The content of the interviews and observations will be subject to thematic analysis using the online content analysis software Dedoose. Data analysis will be based on a Grounded Theory approach [48], i.e., a theory developed by induction from a corpus of data. The analytical framework of this WP will be based on a sociological approach to gender [49].

Coupons survey WP

Specific objectives of the coupons survey are to document the socio-behavioural profile and screening history of HIV self-tests users; to identify the care trajectories of these HIV self-tests users following a reactive or indeterminate self-test; and to provide an empirical estimate of some parameters used by the WP Modelling. The survey was designed to enable data collection from HIVST end-users based on anonymity and voluntary participation through the establishment of an anonymous and free telephone platform in the three countries.

To be eligible for the study, participants must be of legal age to perform an HIV test by him/herself (i.e., 16+ years old in Côte d’Ivoire, 18+ in Mali and 15+ in Senegal) and have performed an HIVST.

The survey will be organised in collection waves with two phases each. A pilot study will be conducted before the implementation of the full survey.

Survey phase 1

During phase 1 of each wave, all HIVST kits distributed in the country through ATLAS, regardless of delivery channel, will contain an invitation to participate in the study (the “coupons”). Similarly, anyone calling the national HIV hotline during this period and reporting having performed an HIVST will be invited to participate in the coupons survey by calling the dedicated survey free phone number.

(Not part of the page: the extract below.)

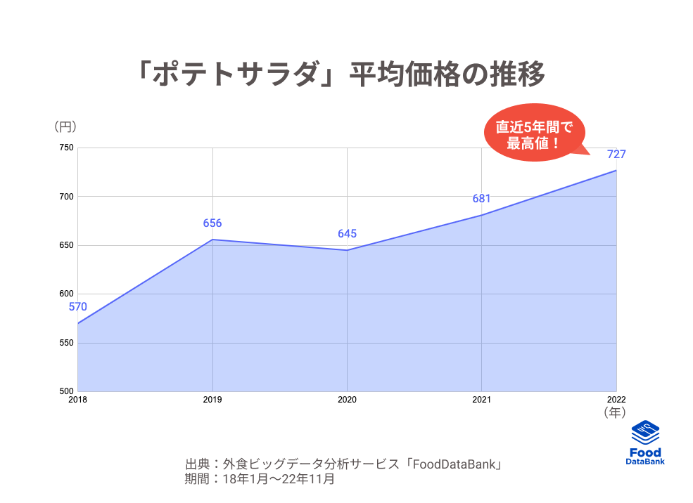 - 「ポテトサラダ」の平均価格が直近5年間で最高額に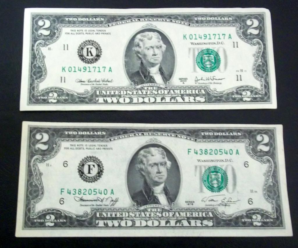 Lot-Two $2 Bills Pristine Condition 1976 & 2003

All HIVST kits distributed under the ATLAS programme will also be marked using a coloured sticker with a numbered code to identify the delivery channel and the technical implementation partner. During the telephone interview, the participant will be asked for the colour and number of the sticker to be able to associate each questionnaire with a dispensing channel.

When a person calls one of the study’s toll-free numbers, they will first be presented with the study and then asked to state orally whether they consent to participate (verbal consent, time-stamped). If consent is given, a 15-min questionnaire will be administered. This questionnaire will cover the participant’s socio-demographic characteristics, his or her HIV testing history, sexual practices, knowledge of HIVST, ease of use of the HIVST kit and the result of his/her self-test.

Survey phase 2

Phase 1 participants who reported a reactive or indeterminate HIVST result and who agreed to be contacted again will be called back 3 months after completion of the phase 1 questionnaire for the phase 2 questionnaire. This second questionnaire aims to document the participant’s care trajectory and, in particular, whether a confirmatory test has been performed and, if so, whether the person linked to HIV care and initiated antiretroviral treatment.

Cost study WP

Because HIVST is being added onto existing HIV testing programmes, the specific objectives of the cost WP are to estimate the incremental costs of providing HIVST; to compare the costs of HIVST to other HIV testing approaches; to model medium- and long-term scale-up costs; and to compare costs to expected epidemiological impacts (Modelling WP) to estimate the cost-effectiveness of these scale-up scenarios.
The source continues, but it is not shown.